> PROMPT: Starting at the first line of the entries, extract each line up to and including the one that contains "依光愛來さんの天運は14画の1点!", but leave out the pictures.
*** Opening of DATA ***
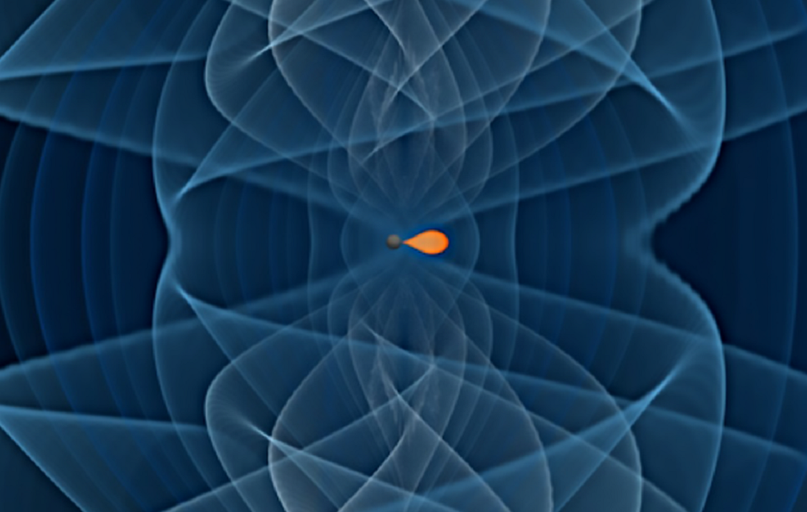 A imaxe amosa a fusión dun burato negro de baixa masa (en gris escuro) cunha estrela de neutróns. O sinal de ondas gravitacionais aparece representado cun rango de cores que van desde o azul escuro ao máis claro. ILUSTRACIÓN: I. Markin (Universidade de Potsdam), T. Dietrich (Universidade de Potsdam e Instituto Max Planck de Física Gravitacional), H. Pfeiffer, A. Buonanno (Instituto Max Planck de Física Gravitacional)
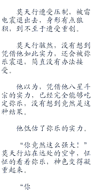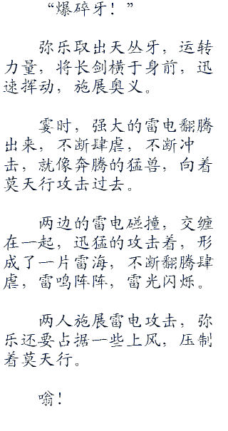 弥乐施展响转,然后配合三千雷动,速度快到极致,让莫天行根本没有办法追上他。
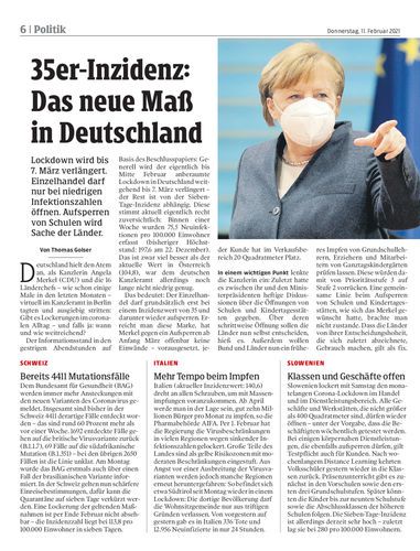 Lockdown wird bis 7. März verlängert. Einzelhandel darf nur bei niedrigen Infektionszahlen öffnen. Aufsperren von Schulen wird Sache der Länder.
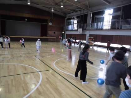 体育館遊びの時は、遊び専用のボールを使ってよいことになっています。外とは違った体育館遊びは、子どもたちにとっては特別な休み時間のようです。
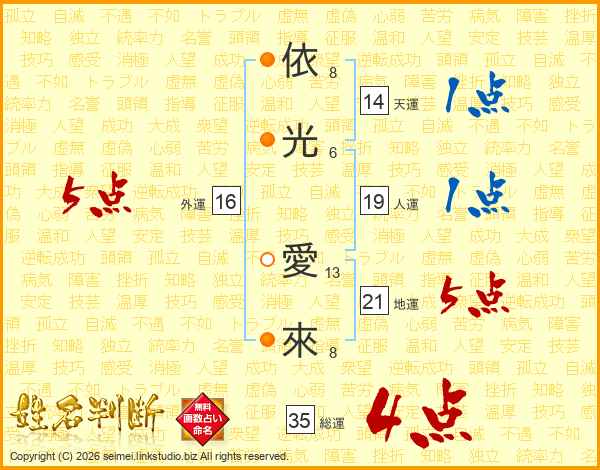 依光愛來さんの天運は14画の1点!
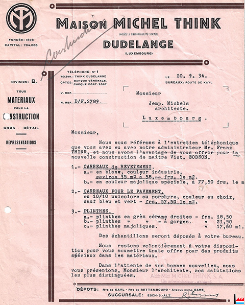 « Ancienne Maison Michel Think », Société anonyme, Dudelange. Art. 1ᵉʳ. (…). Art. 6. (…). 1° à Mme Michel Think, cinq cent vingt-trois actions (…). Capital : 704.000 francs (Mémorial : 27.4.1932) |
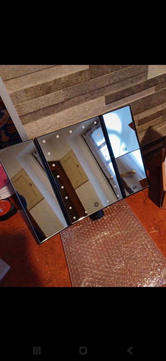 Miroir pour se maquiller , dispose 21 lumières LED, la lumière peut être ajustée. Conception en trois volets. Double alimentation : piles non fournies ou câble USB. Neuf, encore emballé. Sorti juste pour les photos
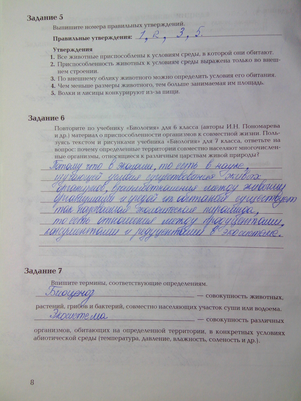 Решения домашних заданий по биологии 7 класс Суматохин С.В., Кучменко В.С. 8 упражнение Рабочая тетрадь
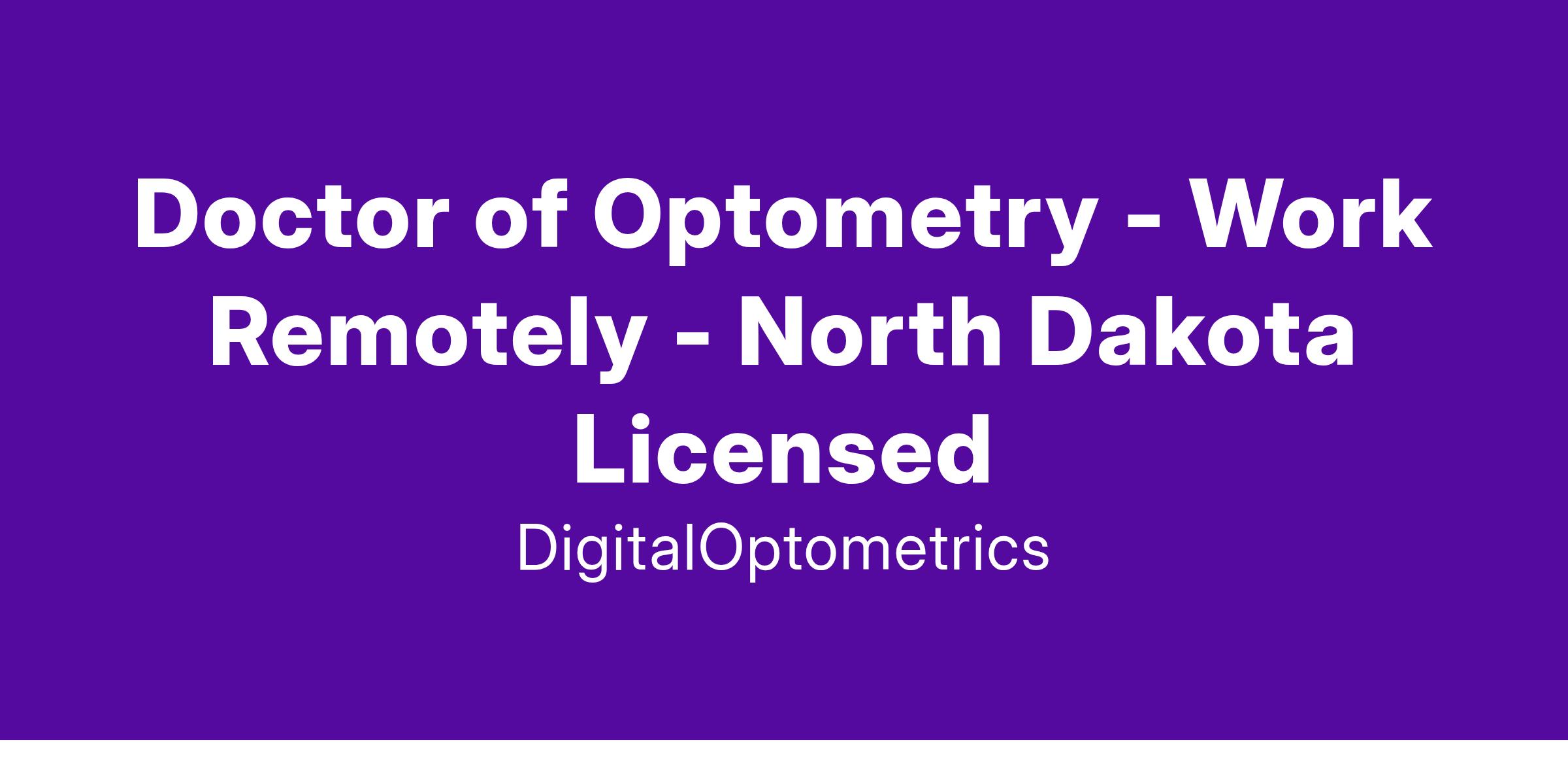 Doctor of Optometry - Work Remotely - North Dakota Licensed
*** Close of DATA ***
> OUTPUT OF THE EXERCISE:
 A imaxe amosa a fusión dun burato negro de baixa masa (en gris escuro) cunha estrela de neutróns. O sinal de ondas gravitacionais aparece representado cun rango de cores que van desde o azul escuro ao máis claro. ILUSTRACIÓN: I. Markin (Universidade de Potsdam), T. Dietrich (Universidade de Potsdam e Instituto Max Planck de Física Gravitacional), H. Pfeiffer, A. Buonanno (Instituto Max Planck de Física Gravitacional)
 弥乐施展响转,然后配合三千雷动,速度快到极致,让莫天行根本没有办法追上他。
 Lockdown wird bis 7. März verlängert. Einzelhandel darf nur bei niedrigen Infektionszahlen öffnen. Aufsperren von Schulen wird Sache der Länder.
 体育館遊びの時は、遊び専用のボールを使ってよいことになっています。外とは違った体育館遊びは、子どもたちにとっては特別な休み時間のようです。
 依光愛來さんの天運は14画の1点!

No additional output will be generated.